Chiral Induction in Quinoline-Derived Oligoamide Foldamers:  Assignment of Helical Handedness and Role of Steric Effects

Chiral groups attached to the end of quinoline-derived oligoamide foldamers give rise to chiral helical induction in solution. Using various chiral groups, diastereomeric excesses ranging from 9% to 83% could be measured by NMR and circular dichroism. Despite these relatively weak values and the fact that diastereomeric helices coexist and interconvert in solution, the right-handed or left-handed helical sense favored by the terminal chiral group could be determined unambiguously using X-ray crystallography. Assignment of chiral induction was performed in an original way using the strong tendency of racemates to cocrystallize, and taking advantage of slow helix inversion rates, which allowed one to establish that the stereomers observed in the crystals do correspond to the major stereomers in solution.
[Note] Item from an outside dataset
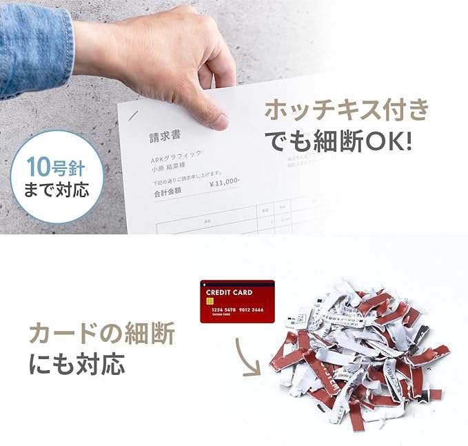 ホッチキスを外さず、10号針付きの書類もそのまま細断でき、プラスチックカードや紙製カードの細断にも対応しており、カードはカットサイズ約4 50mmで処理されます。
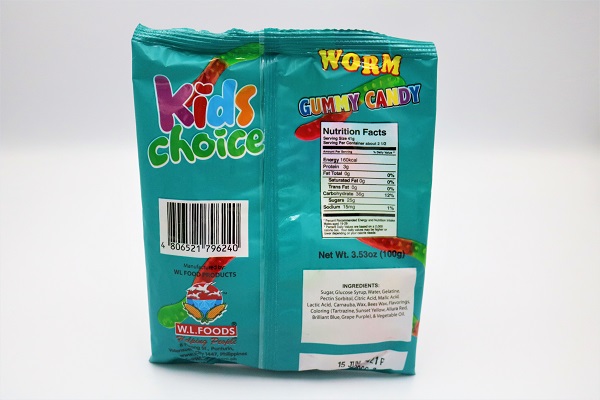 W.L Foods Kids Choice Worm Gummy Candy 100g.

The sense of chiral helical induction was rationalized on the basis of sterics. Upon assigning an R^s or S^s chirality to the stereogenic center using a nomenclature where the four substituents are ranked according to decreasing sizes, it is observed that R^s chirality always favors left-handed helicity and S^s chirality favors right-handed helicity (P). X-ray structures shed some light on the role of sterics in the mechanism of chiral induction. The preferred conformation at the stereocenter is apparently one where the bulkiest group should preferentially point away from the helix, the second largest group should be aligned with the helix backbone, and the smallest should point to the helix.